Toulouse sausage - Pronunciation: too-LOOZ Notes: This exquisite French sausage is usually made with pork, smoked bacon, wine, and garlic. It's a great sausage for a cassoulet. Cook it before serving.

From http://www.foodsubs.com/MeatcureSausage.html (pics & descriptions of all sausages from this thread, and also making me very hungry...)

Rob Bolton, Tuesday, 9 October 2007 20:45 (seventeen years ago)

Chorizo I think. Although, a couple of plain Linconshire or Cumberland sauages, slowly fried for around 45-50 minutes on a cold Saturday winter morning is the absolute fucking one.

aaaaaaaaaaaaaaaaaaaaaaaaaa, Tuesday, 9 October 2007 20:53 (seventeen years ago)

How in the world can you fry something for 50 minutes?

Laurel, Tuesday, 9 October 2007 20:54 (seventeen years ago)

those are beauties aldo!

mizzell, Tuesday, 9 October 2007 20:57 (seventeen years ago)

I had some terrific spicy Italian sausage at the weekend, perfect with pasta and a sauce made with a glass of white wine, some chilli flakes, mustard and creme fraiche. But choosing that over say blood or chorizo or merguez is tricky.

Ned Trifle II, Tuesday, 9 October 2007 21:03 (seventeen years ago)

ALSO: Go here...
http://www.greatbritishkitchen.co.uk/photos/pp.jpg
...and buy Chicken and Tarragon sausages and tell me they are not sausages, they are delicious!

Ned Trifle II, Tuesday, 9 October 2007 21:06 (seventeen years ago)

Oh crap...not there - next door to there just out of frame on the right. It's in Melton Mowbray anyway, ask anyone, they'll tell you where it is...

Ned Trifle II, Tuesday, 9 October 2007 21:07 (seventeen years ago)

There's amazing Polish sausage in Buffalo. Both the Redlinski and Wardynski brands are A+++. I prefer the smoked sausage to the fresh, but they're both amazing.

Every Easter my fams has this Polish Easter soup (which I can't spell properly). It involves about 5 lbs of sausage (fresh and smoked), ham, hard boiled eggs and LOTS of horseradish. It is divine.

molly mummenschanz, Tuesday, 9 October 2007 21:09 (seventeen years ago)

Which andouille, Shakey? The French stuff is kind of nasty but the Louisiana kind is good.

oh Louisiana for sure - I don't think I've ever had french sausage of any kind

Shakey Mo Collier, Tuesday, 9 October 2007 21:11 (seventeen years ago)

I went with spicy italian. Also I love andouillette (in France), but I can see how that wouldn't be everyone's thing (it's supposed to smell like dung).
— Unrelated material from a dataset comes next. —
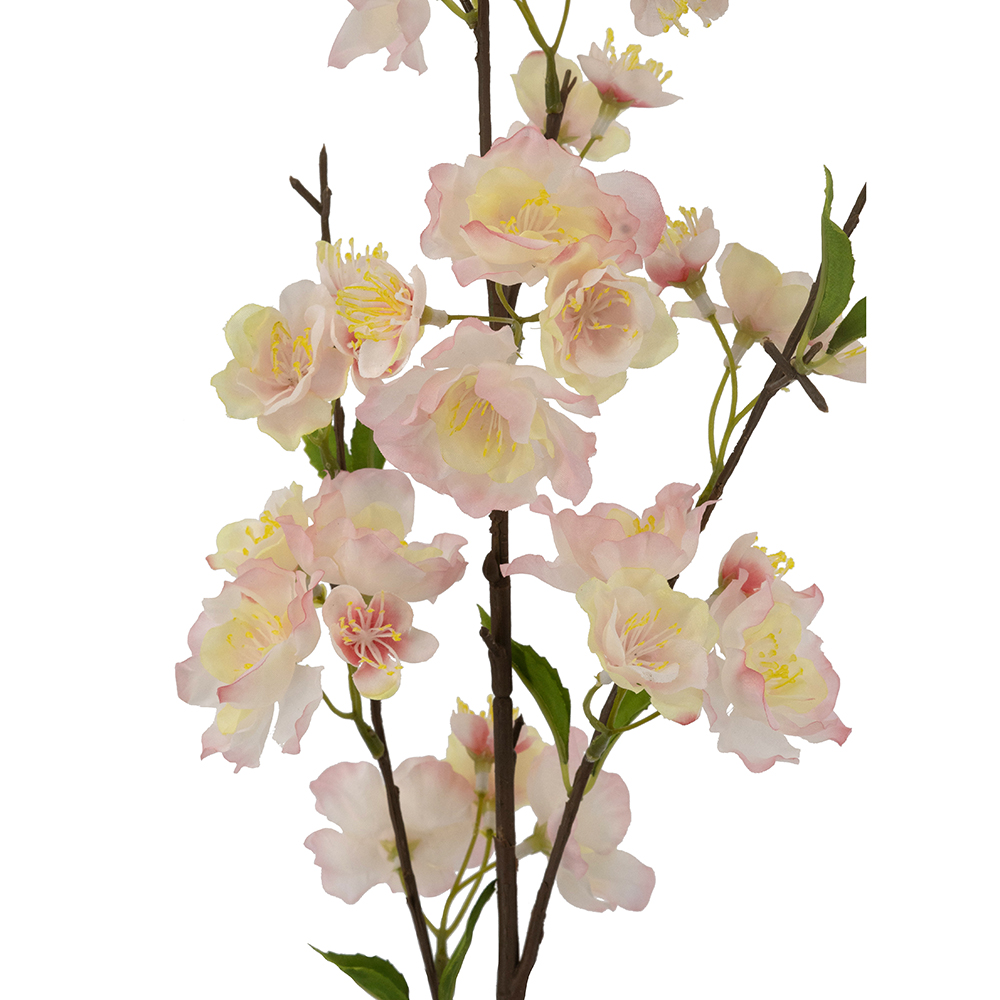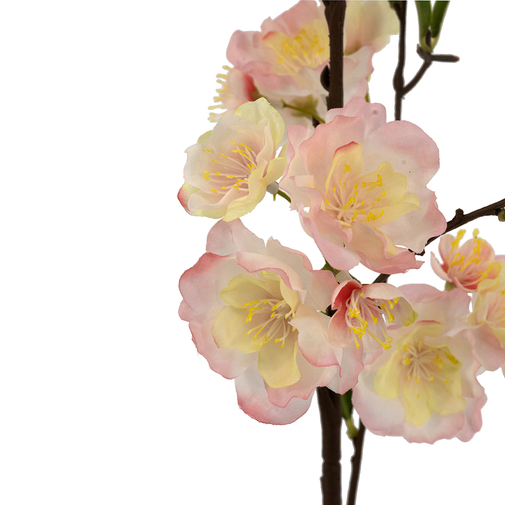 Add delicate spring charm to your decor with this faux pink cherry blossom stem. Soft pink blooms with yellow centers on a realistic brown stem with green leaves mimic natural blossoms. 38.6 inches tall, perfect for vases, centerpieces, or accents, offering serene elegance. Maintenance-free and lifelike for lasting beauty.

Euler, Tuesday, 9 October 2007 21:14 (seventeen years ago)

I miss the hell out of the Basque chorizo at every grocery and bar in Boise.

Abbott, Tuesday, 9 October 2007 21:16 (seventeen years ago)
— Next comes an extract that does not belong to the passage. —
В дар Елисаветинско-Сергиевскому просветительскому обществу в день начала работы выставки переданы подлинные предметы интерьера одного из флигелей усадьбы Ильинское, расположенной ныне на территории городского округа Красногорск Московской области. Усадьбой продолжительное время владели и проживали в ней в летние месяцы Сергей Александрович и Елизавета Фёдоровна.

French andouille sounds lame.

Jordan, Tuesday, 9 October 2007 21:18 (seventeen years ago)

xpost way back to Laurel--you have to have the gas on as lower setting as you can without it going out. Trust me, you need to try it this way (don't prick the skins either).

aaaaaaaaaaaaaaaaaaaaaaaaaa, Wednesday, 10 October 2007 08:58 (seventeen years ago)

Turkish sausage is great. Especially with halloumi.

ledge, Wednesday, 10 October 2007 09:04 (seventeen years ago)

xpost way back to Laurel--you have to have the gas on as lower setting as you can without it going out. Trust me, you need to try it this way (don't prick the skins either).

OTM. Alternatives are a diffuser, or what I usually do which is to brown them in quite a hot pan, then throw the pan in a cool over (170-ish) for about an hour.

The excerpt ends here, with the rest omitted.